--- Assigned task ---
Pictures stay out of the output. Return exactly the lines below from the one with "Das offen konzipierte" down to the one with "Uzun kollu, bol", both included, and nothing more.

--- Source information ---
◆ ◆ ◆ ◆

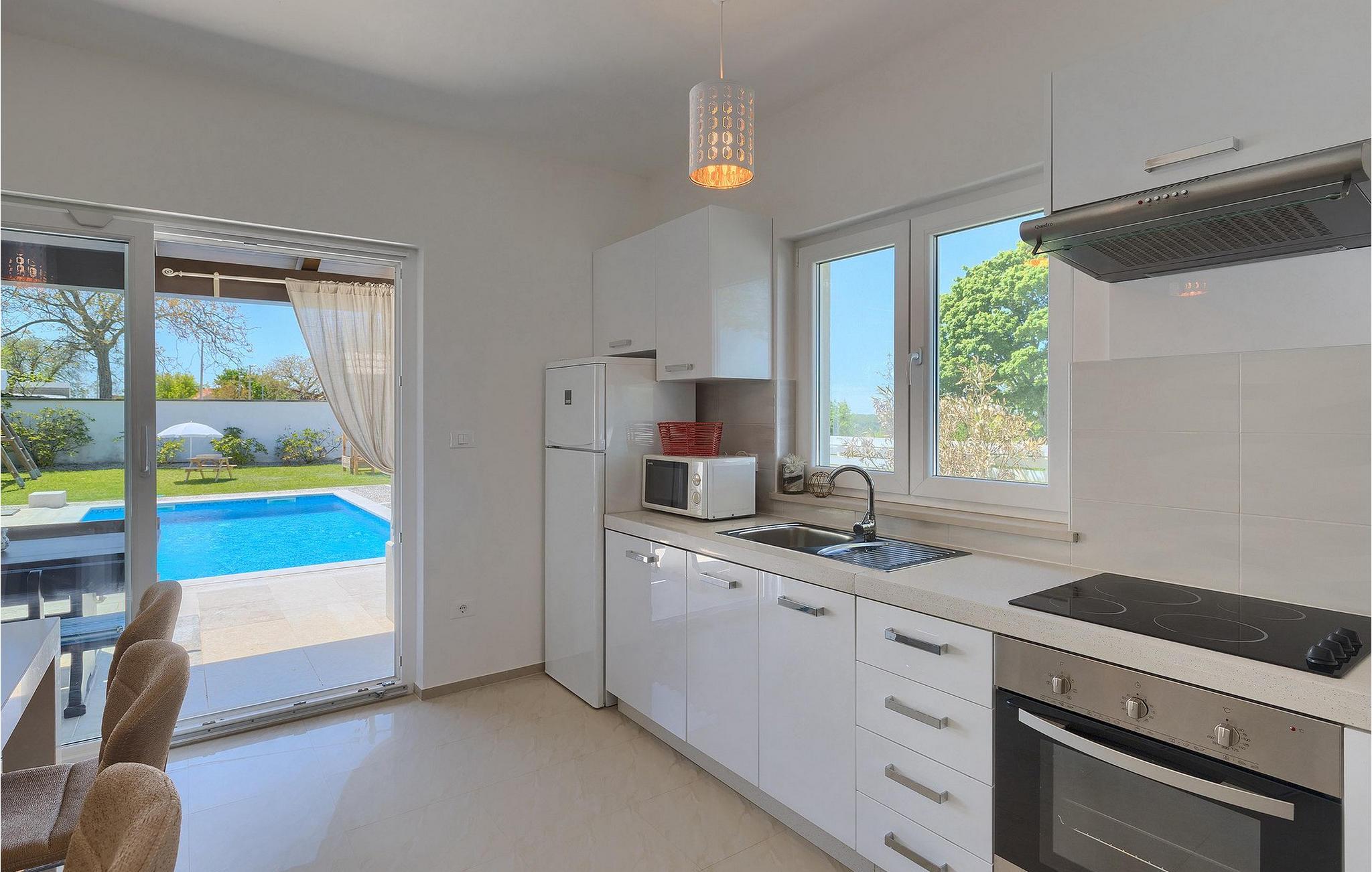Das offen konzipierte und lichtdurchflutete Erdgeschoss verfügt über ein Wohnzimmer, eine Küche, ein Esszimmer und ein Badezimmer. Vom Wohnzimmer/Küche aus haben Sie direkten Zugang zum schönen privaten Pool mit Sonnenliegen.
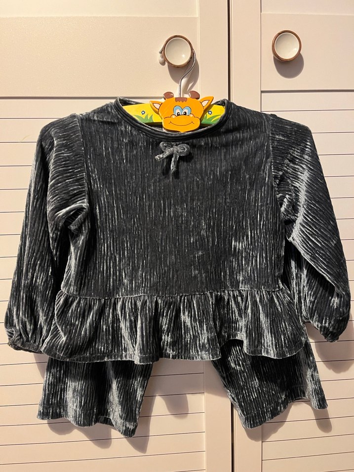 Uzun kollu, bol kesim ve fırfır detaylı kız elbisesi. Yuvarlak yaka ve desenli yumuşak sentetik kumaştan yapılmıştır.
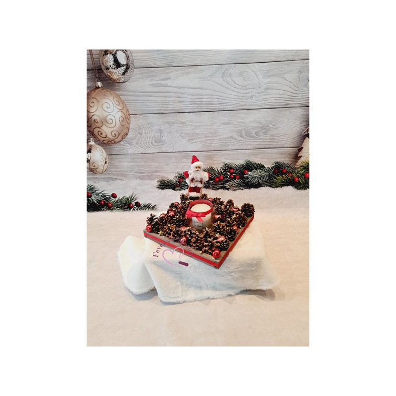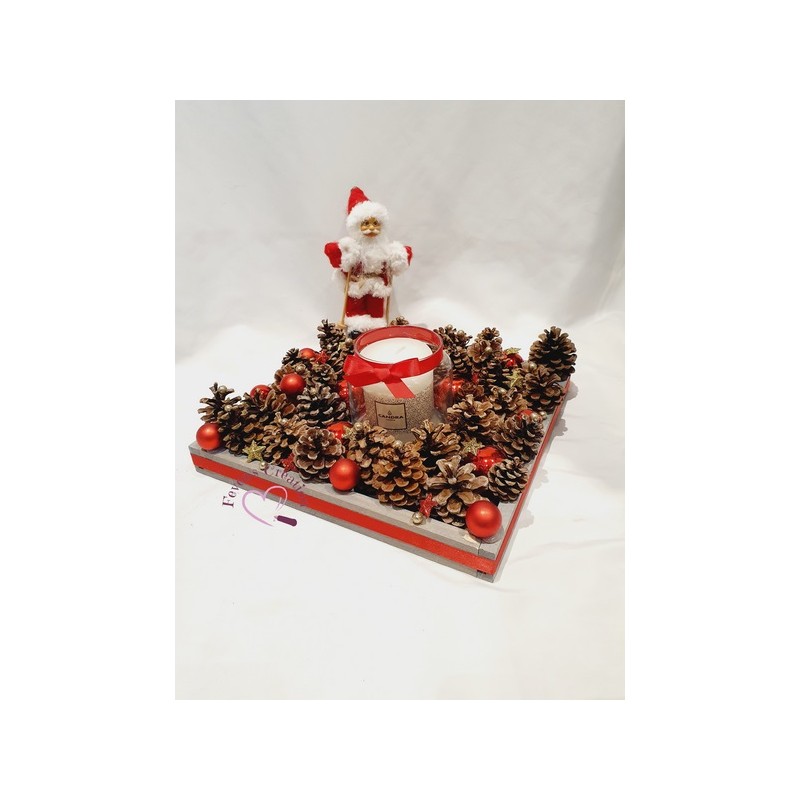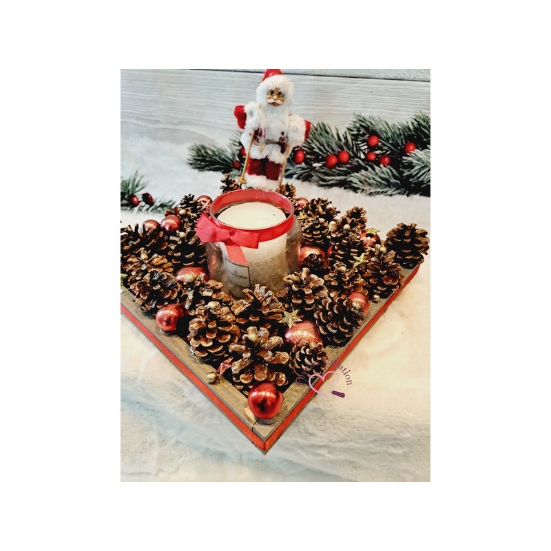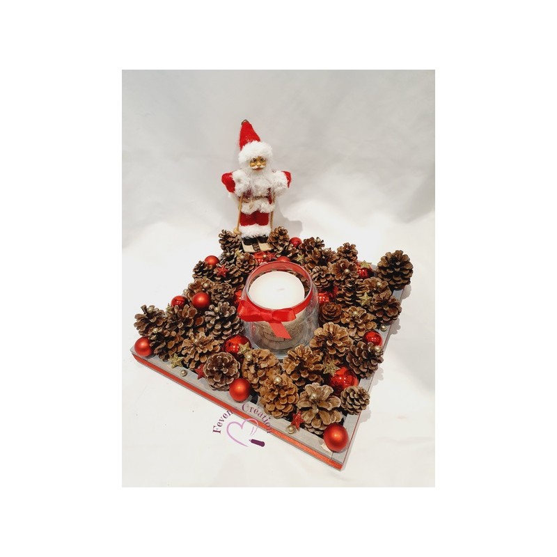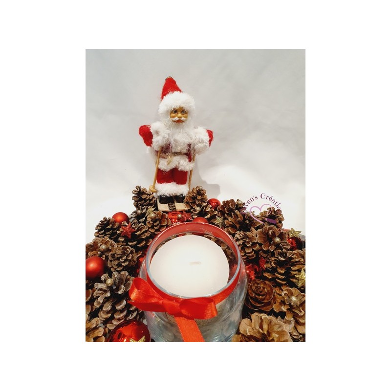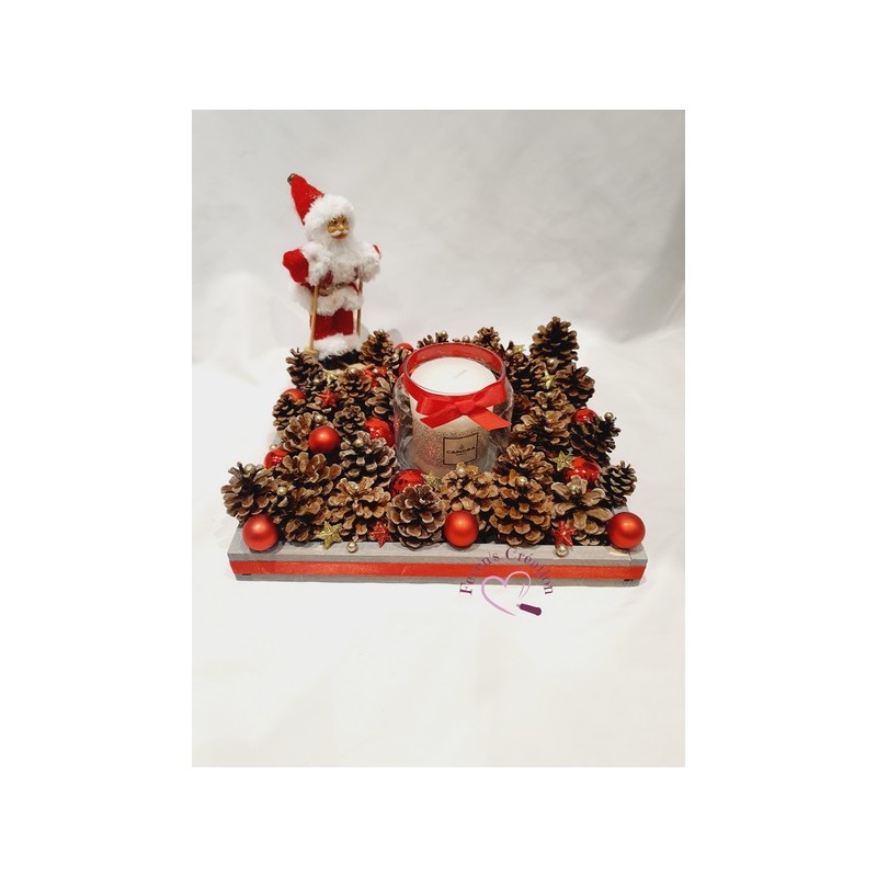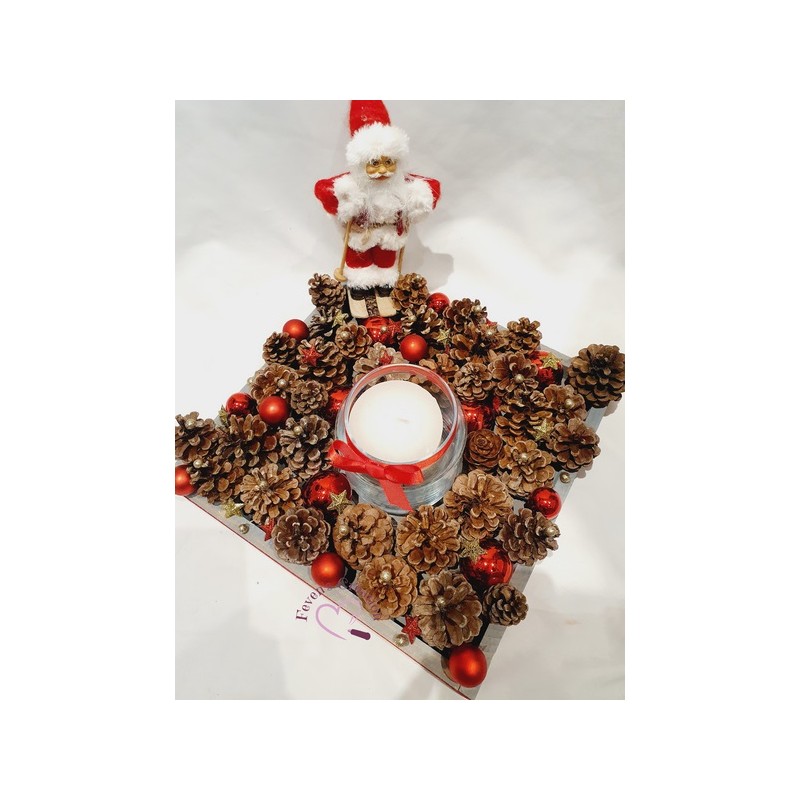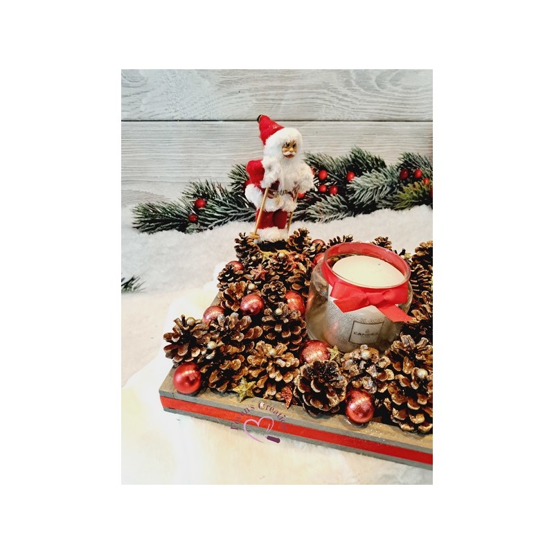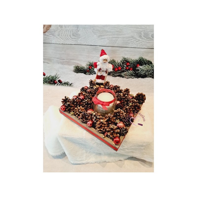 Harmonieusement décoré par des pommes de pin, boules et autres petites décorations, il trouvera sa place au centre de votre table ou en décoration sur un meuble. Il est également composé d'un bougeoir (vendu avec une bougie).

◆ ◆ ◆ ◆

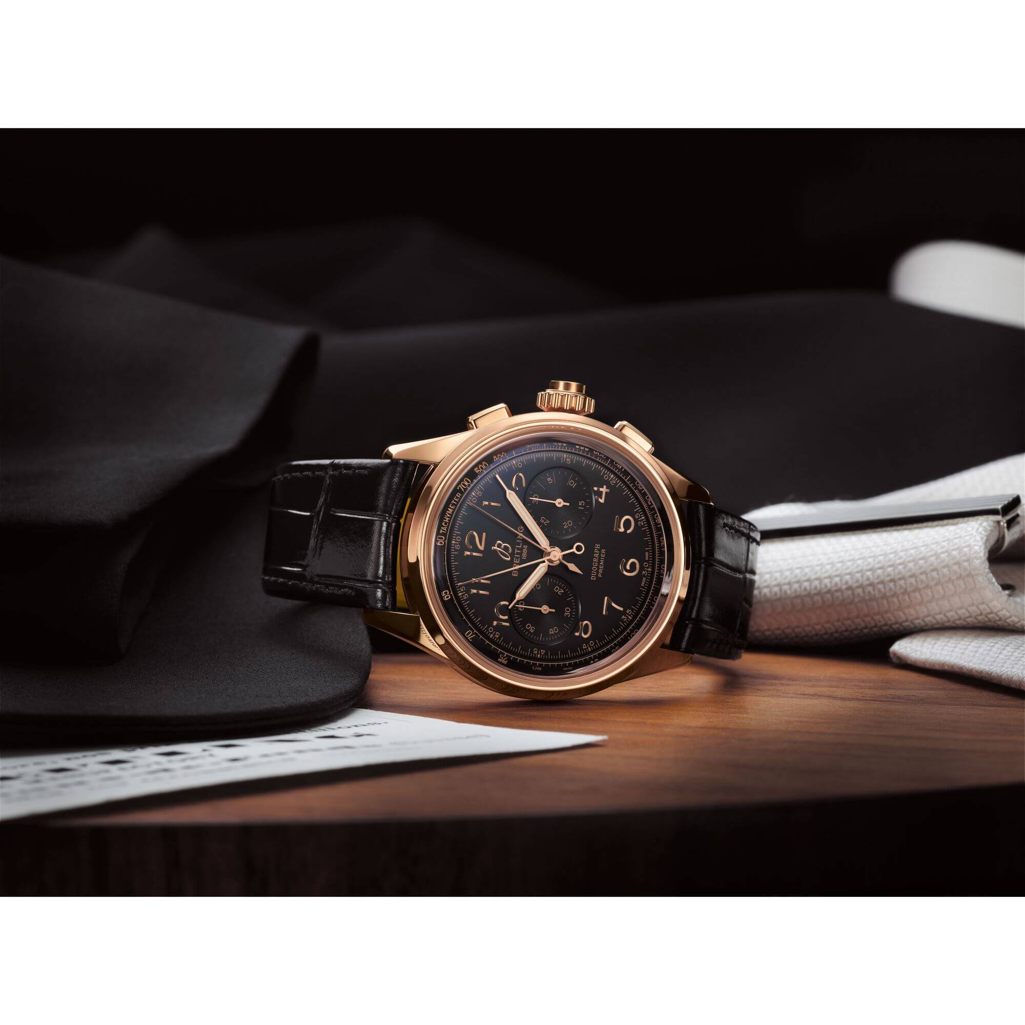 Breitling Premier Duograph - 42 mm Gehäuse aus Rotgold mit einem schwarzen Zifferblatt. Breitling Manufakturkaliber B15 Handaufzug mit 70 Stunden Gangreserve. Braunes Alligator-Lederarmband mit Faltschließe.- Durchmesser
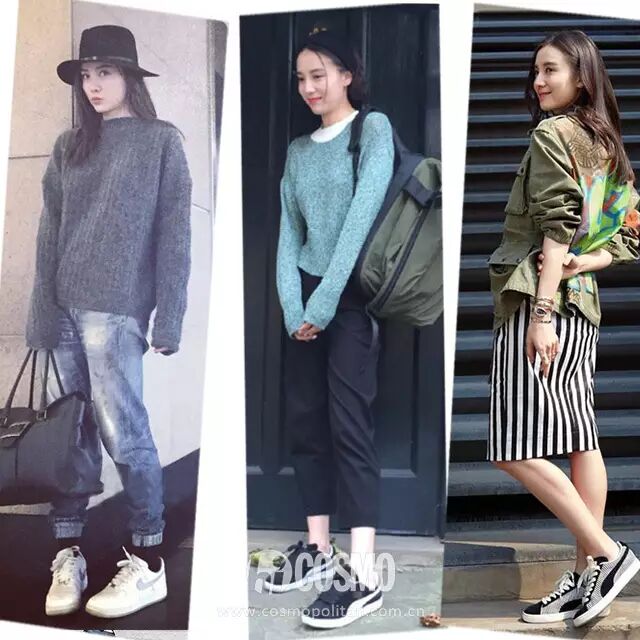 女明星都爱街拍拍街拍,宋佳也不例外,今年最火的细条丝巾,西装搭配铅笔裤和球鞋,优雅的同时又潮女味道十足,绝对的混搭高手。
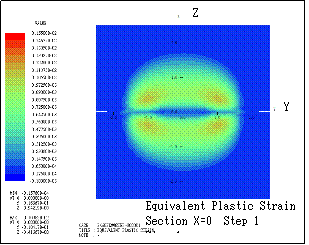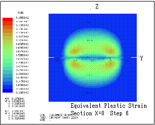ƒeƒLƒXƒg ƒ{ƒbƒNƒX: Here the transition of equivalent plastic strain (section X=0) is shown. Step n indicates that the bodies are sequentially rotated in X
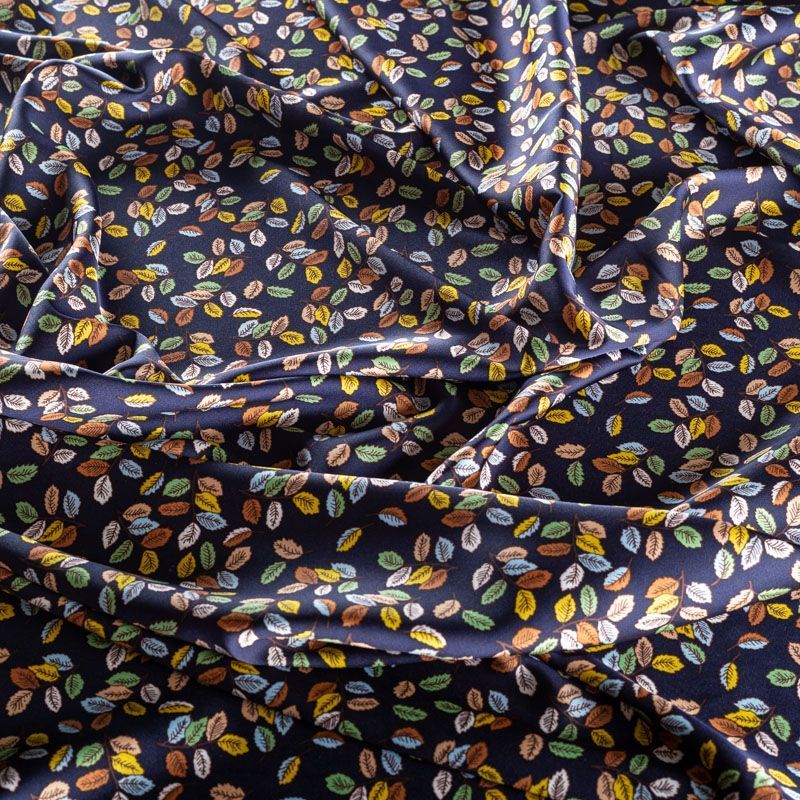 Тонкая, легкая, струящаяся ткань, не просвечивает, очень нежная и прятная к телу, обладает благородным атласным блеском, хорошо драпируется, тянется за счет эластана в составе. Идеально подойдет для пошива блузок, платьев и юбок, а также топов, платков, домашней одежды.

◆ ◆ ◆ ◆

--- Finished exercise ---
Das offen konzipierte und lichtdurchflutete Erdgeschoss verfügt über ein Wohnzimmer, eine Küche, ein Esszimmer und ein Badezimmer. Vom Wohnzimmer/Küche aus haben Sie direkten Zugang zum schönen privaten Pool mit Sonnenliegen.
 Uzun kollu, bol kesim ve fırfır detaylı kız elbisesi. Yuvarlak yaka ve desenli yumuşak sentetik kumaştan yapılmıştır.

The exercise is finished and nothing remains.